The lines below, from the one holding "走进濛阳批发市场进口水果交易" through the one holding "Elevate your style", are to be restated word for word, with all images left out.

▸ **WORKING DATA**
============================================================
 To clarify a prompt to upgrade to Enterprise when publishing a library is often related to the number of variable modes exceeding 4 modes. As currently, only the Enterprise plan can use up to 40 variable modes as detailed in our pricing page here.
============================================================
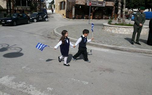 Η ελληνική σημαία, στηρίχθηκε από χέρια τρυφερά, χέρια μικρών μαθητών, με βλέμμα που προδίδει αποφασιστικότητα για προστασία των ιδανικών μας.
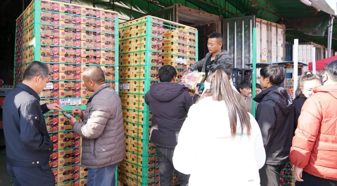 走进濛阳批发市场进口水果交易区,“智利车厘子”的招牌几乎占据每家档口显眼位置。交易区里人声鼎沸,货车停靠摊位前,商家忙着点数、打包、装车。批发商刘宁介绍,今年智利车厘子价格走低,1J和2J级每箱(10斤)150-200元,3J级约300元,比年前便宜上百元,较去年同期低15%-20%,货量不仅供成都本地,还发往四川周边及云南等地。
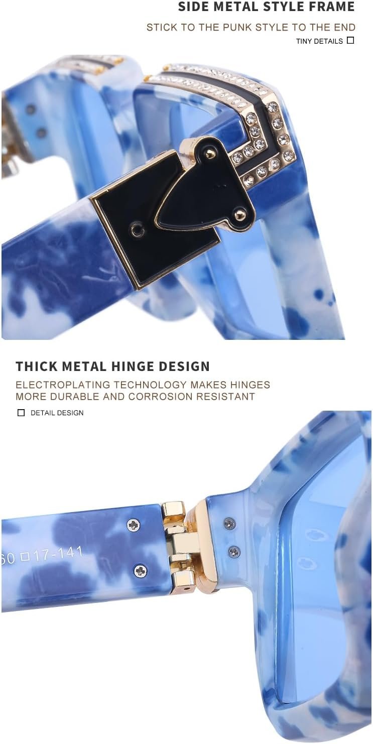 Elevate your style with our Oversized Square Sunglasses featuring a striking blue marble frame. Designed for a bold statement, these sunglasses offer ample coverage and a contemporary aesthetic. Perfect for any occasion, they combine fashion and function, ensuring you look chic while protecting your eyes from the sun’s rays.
============================================================
▸ **SOLUTION TO THIS PROBLEM**
 走进濛阳批发市场进口水果交易区,“智利车厘子”的招牌几乎占据每家档口显眼位置。交易区里人声鼎沸,货车停靠摊位前,商家忙着点数、打包、装车。批发商刘宁介绍,今年智利车厘子价格走低,1J和2J级每箱(10斤)150-200元,3J级约300元,比年前便宜上百元,较去年同期低15%-20%,货量不仅供成都本地,还发往四川周边及云南等地。
 Elevate your style with our Oversized Square Sunglasses featuring a striking blue marble frame. Designed for a bold statement, these sunglasses offer ample coverage and a contemporary aesthetic. Perfect for any occasion, they combine fashion and function, ensuring you look chic while protecting your eyes from the sun’s rays.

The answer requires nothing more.